- Task prompt:
No pictures go into the copy. Write out exactly the lines below from the one containing "KIPS School Admission" through the one containing "Durch Öffnen dieser".

- Task input:
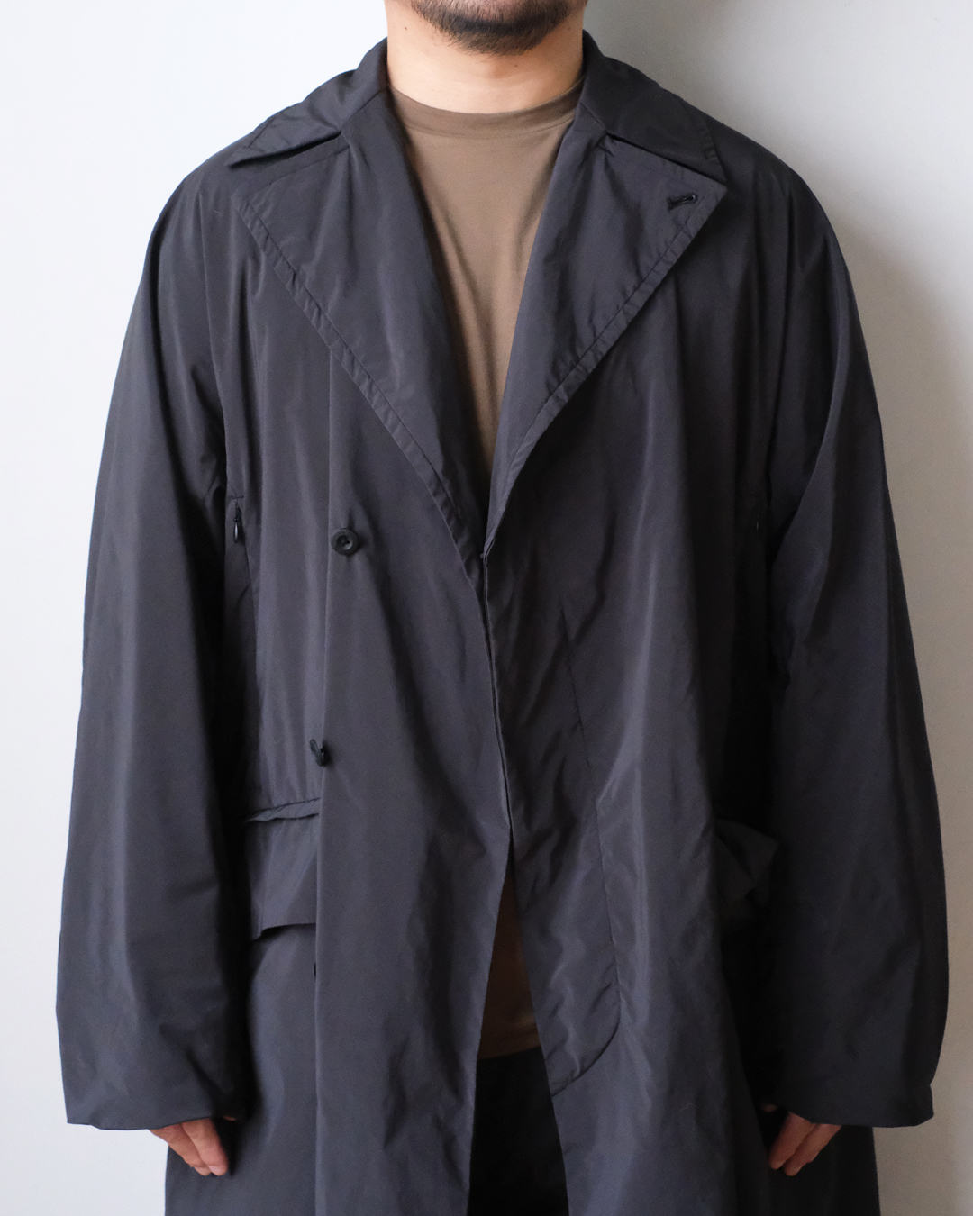 こちらのDevice Coatは温度差の激しい都市の冬において外の寒さと室内の暑さ、極端な温度変化に対する機能を備えるというコンセプトのもと開発された「Dual Point」シリーズからのリリースとなります。小松マテーレ社の特殊な中綿「KOMATHERMO」を採用しており、従来の中綿と比べても圧倒的に薄く、中綿特有のボリュームがないのでコートとは思えないくらいコンパクトに収納できるのが特徴です。その薄さとは裏腹に高い断熱性と吸湿発熱機能を備えており、着用時に人体から発せられる湿度に反応し最大2℃温度が上昇する機能素材です。
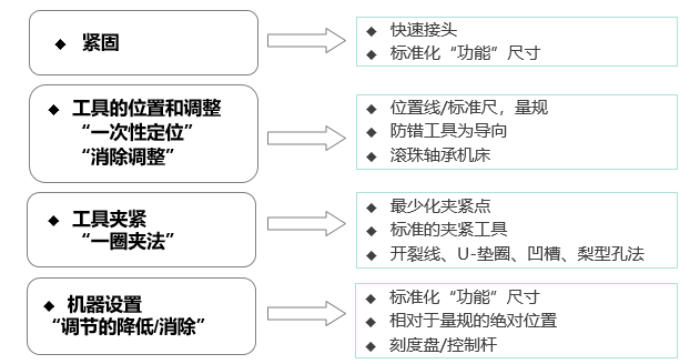 通过一系列的方式方法将内部作业、外部作业原来的方法进行优化(图3-19、表3-11),从而达到缩短内外部作业时间的目的。
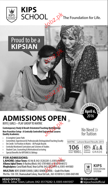 KIPS School Admission in Play Group to Matric in Lahore. Read newspaper ad for exact details.
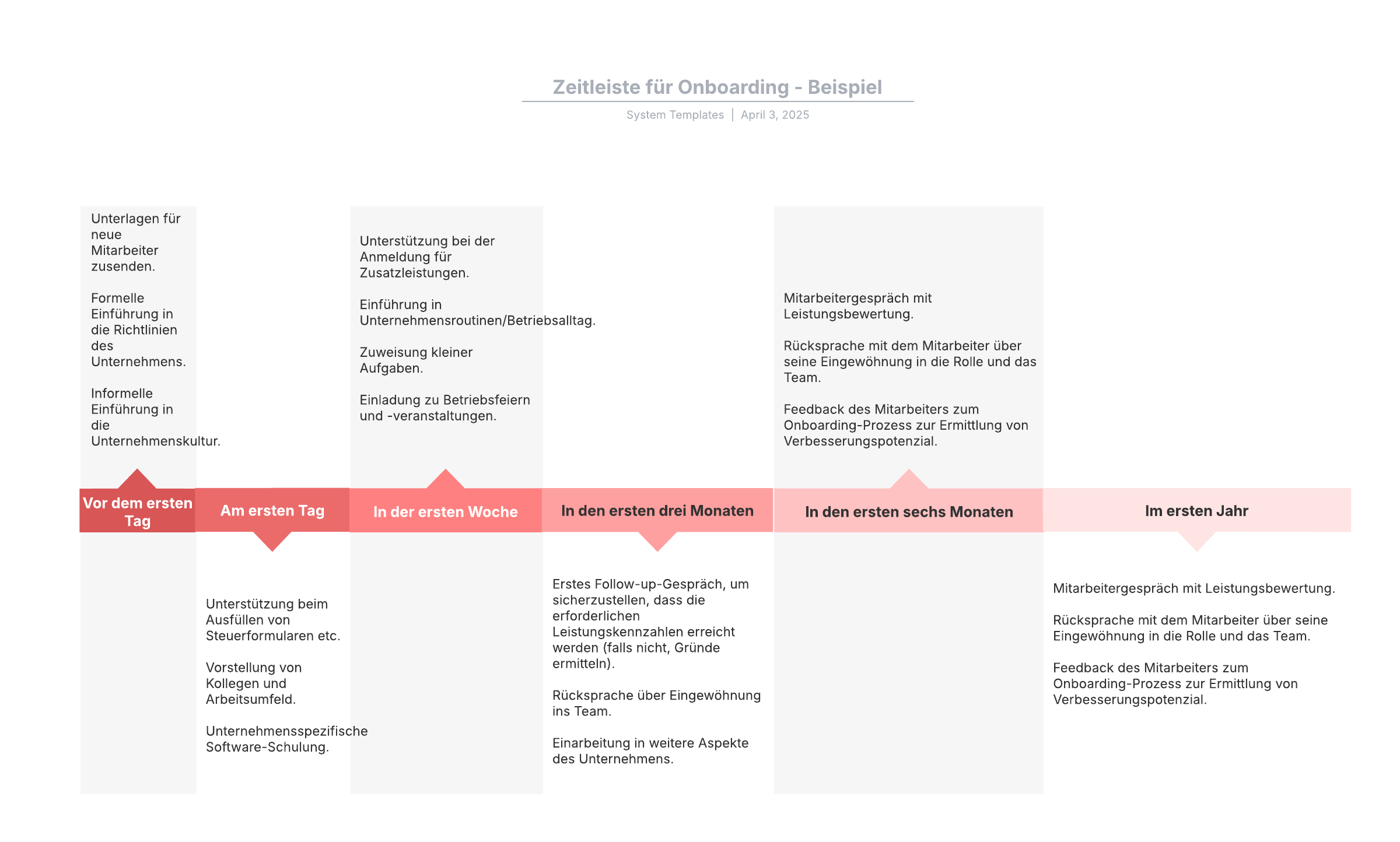 Durch Öffnen dieser Vorlage wird ein Beispiel für eine Überblicksdarstellung des Einarbeitungsprozesses angezeigt, das Sie an Ihren Anwendungsfall anpassen können.
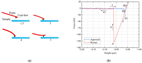 As previously mentioned, the adhesion force of the particles mainly includes van der Waals forces (), electrostatic forces (), and capillary forces (). The van der Waals and capillary forces are usually observed in the nanometer range [37]. Electrostatic forces act over longer distances at the micron level and are generally stronger than the van der Waals and capillary forces [9,16]. It is seen from Figure 6b that segments I and VI of the force curve did not undergo a large deflection, which signifies that the probe was not remotely attracted to the fused silica glass even at close proximity. The action distance did not reach the micron level; therefore, electrostatic forces were not present. Thus, it was concluded that the adhesion force between the coal dust particles and fused silica surface mainly originates from van der Waals and capillary forces.
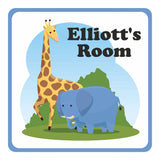 Personalised Giraffe and Elephant Kids Bedroom Door Sign - Unique Gift
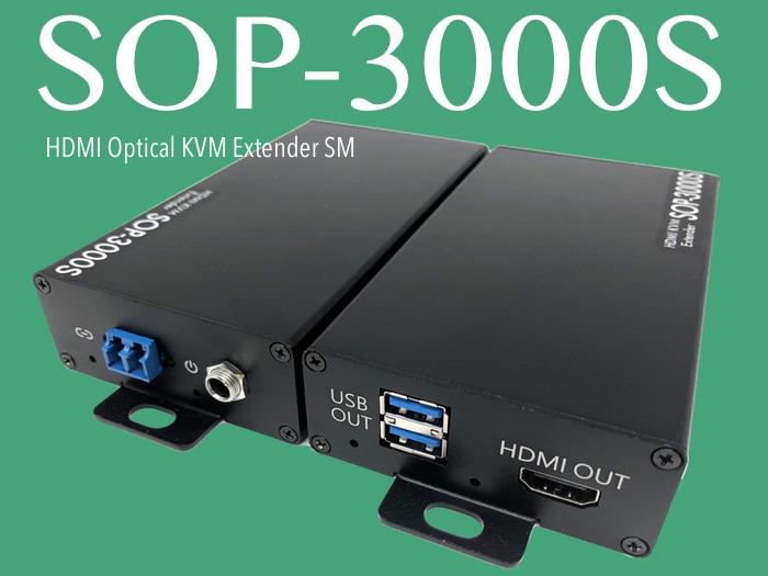 ●SOPシリーズはHDMIモニタ、USBマウス/キーボードを光ケーブルで長距離延長する機器です。延長先モニタでは画質や色ずれなどの調整が不要で、最大延長でもフルHD(1920×1080)~4K30Hz(3840×2160)の高解像度を維持します。 ●光ケーブルを使用するので、モニタ表示に影響するノイズやキーボードの誤動作など、外部環境に心配がある現場でも安心して設置できます。 ●延長距離に合わせて2種類のタイプをご用意しました。 最大700mまで延長可能なSOP-700Mと、3Kmまで延長可能なSOP-3000Sです。それぞれ使用する光ケーブルの種類が違います。SOP-700Mはマルチモード光ケーブルを使用し、SOP-3000Sはシングルモード光ケーブルを使用します。 ●SOPシリーズは、2つのモードの光ケーブルにそれぞれ対応した2機種を持っています。また、マルチモードはグレードによって大別され、OM1~OM4に区別されていて、数字が大きくなるほどスペックが向上します。SOPシリーズで使用するマルチモードのグレードは、OM3とOM4です。

- Written answer:
 KIPS School Admission in Play Group to Matric in Lahore. Read newspaper ad for exact details.
 Durch Öffnen dieser Vorlage wird ein Beispiel für eine Überblicksdarstellung des Einarbeitungsprozesses angezeigt, das Sie an Ihren Anwendungsfall anpassen können.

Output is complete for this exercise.